Dive Brief:
- Grocery micro-fulfillment technology developer Alert Innovation has named John Gargasz, a technology and real estate entrepreneur, as vice president of platform and business development, the company announced.
- Gargasz will be in charge of sales, marketing, product roadmap and partnership development and report to John Lert, the company’s CEO and founder.
- Alert is bolstering its executive team as the grocery industry concludes a year of blockbuster e-commerce sales that taxed retailers’ fulfillment capabilities and underscored their need to improve their ability to fill online orders.
Dive Insight:
Alert’s decision to hire Gargasz is part of its efforts to broaden its role as a supplier of micro-fulfillment equipment at a time when retailers are ripe for pitches about ways to make their pickup and delivery operations more efficient.
In particular, the Massachusetts-based company is looking to market its automated picking technology, known as Alphabot, to retailers other than Walmart, for which Alert's technology is in use at a 20,000-square-foot automated grocery fulfillment center at a store in Salem, New Hampshire. The facility uses autonomous carts to transport shelf-stable, refrigerated and frozen items to workstations where human workers pack them for customers.
Alert’s technology competes with systems from other automated fulfillment firms angling for retailer contracts. Those rivals include Ocado, the U.K.-based robotics company that is working with Kroger on a fleet of automated warehouses across the United States that are due to start operation early next year, and AutoStore, a Norwegian automation company that is building micro-fulfillment centers for H-E-B.
Alert hopes to make its mark by positioning its technology as easy to adapt for small-scale operations despite its ability to function in a high-volume retail setting, Lert said earlier this year.
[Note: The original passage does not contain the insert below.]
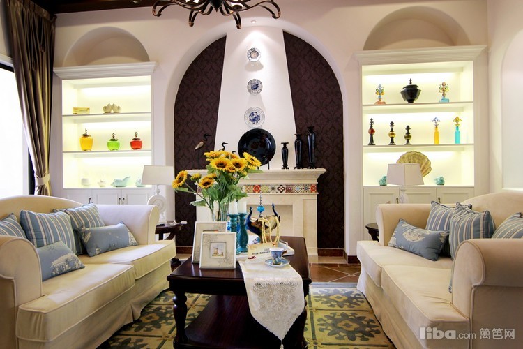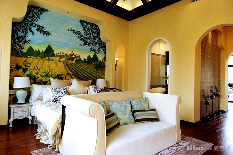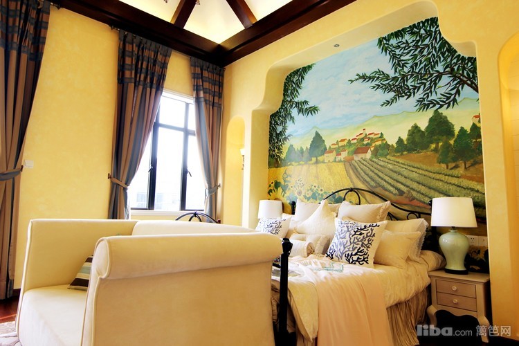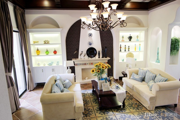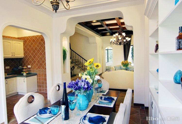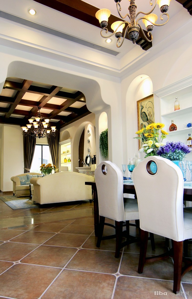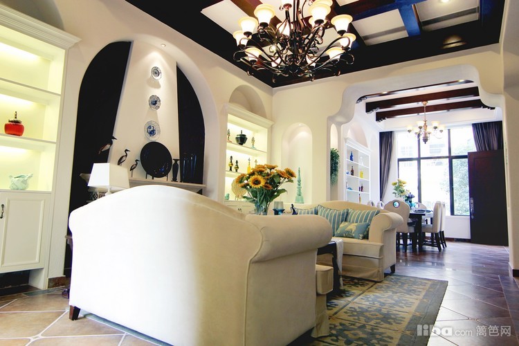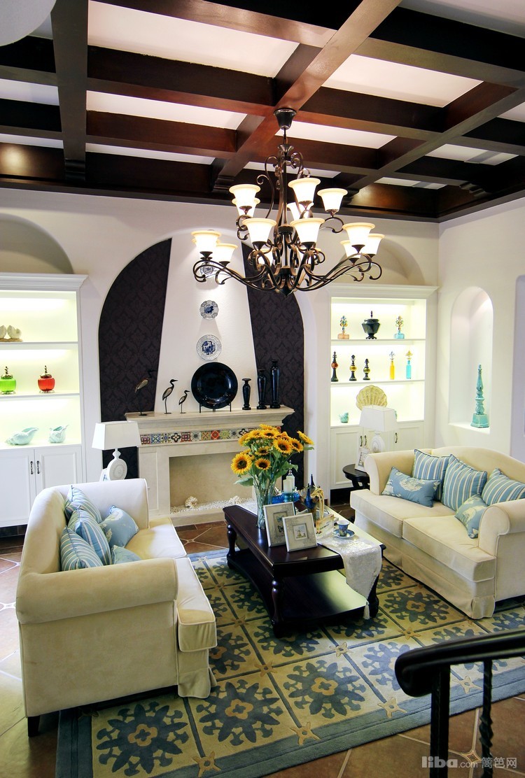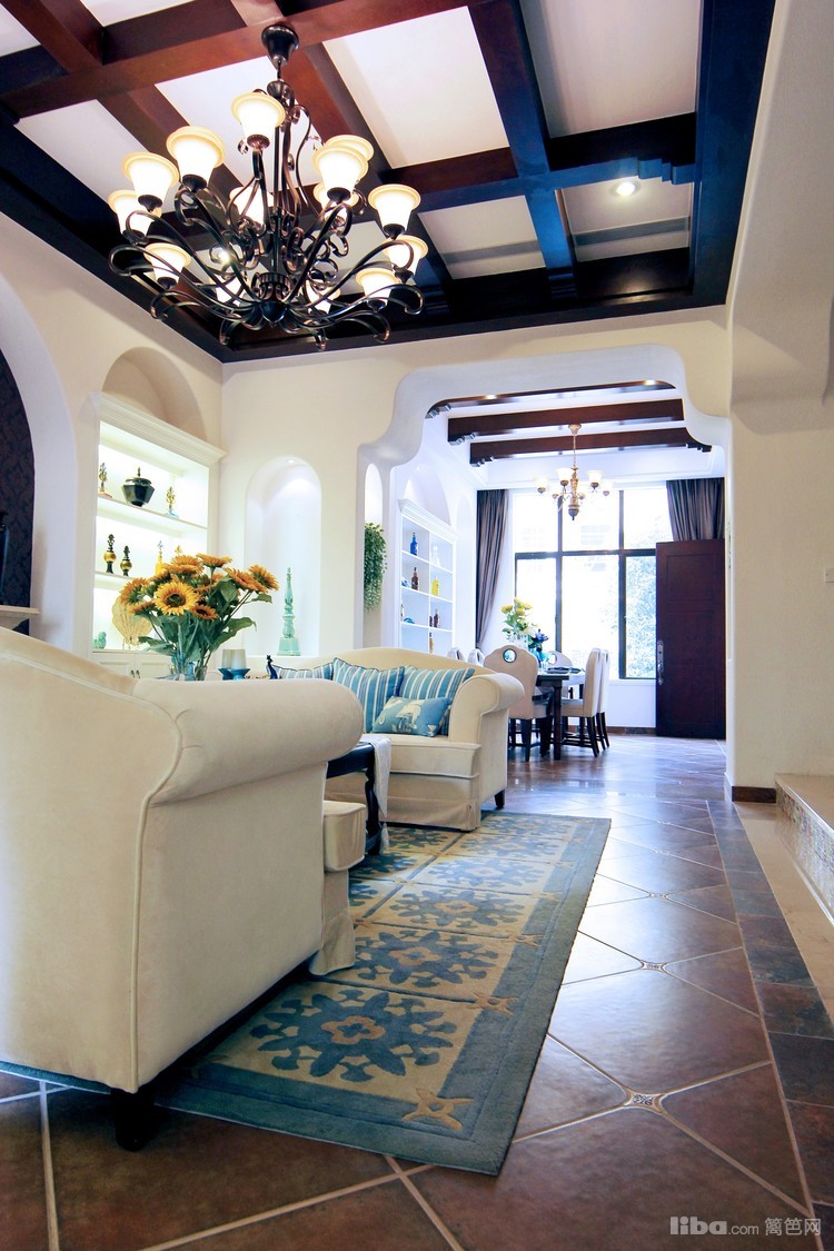 复原木制吊顶,给整体增加了很多田园的氛围,搭配以铁艺复古吊灯,更彰显了田园的格调

Gargasz, who is trained as a mechanical engineer, is a founder of 10X Venture Partners, which makes early-stage investments in technology companies, according to his LinkedIn profile. He also is managing partner at a real estate firm, worked for government contractor SoneSys and served as chief operating officer for Nanocomp Technologies, which makes materials defined by their strength, light weight and high levels of conductivity.
Alert is exploring ways to move beyond Walmart in the wake of the retailer’s recent decision to stop using robots from Bossa Nova Robotics to track inventory in some of its stores. That move abruptly halted a project that had been expected to bring the technology to 1,000 Walmart stores and prompted Bossa Nova to reportedly lay off half of its employees, underscoring the risks technology companies face when they depend on partnerships with large retailers to fuel their growth.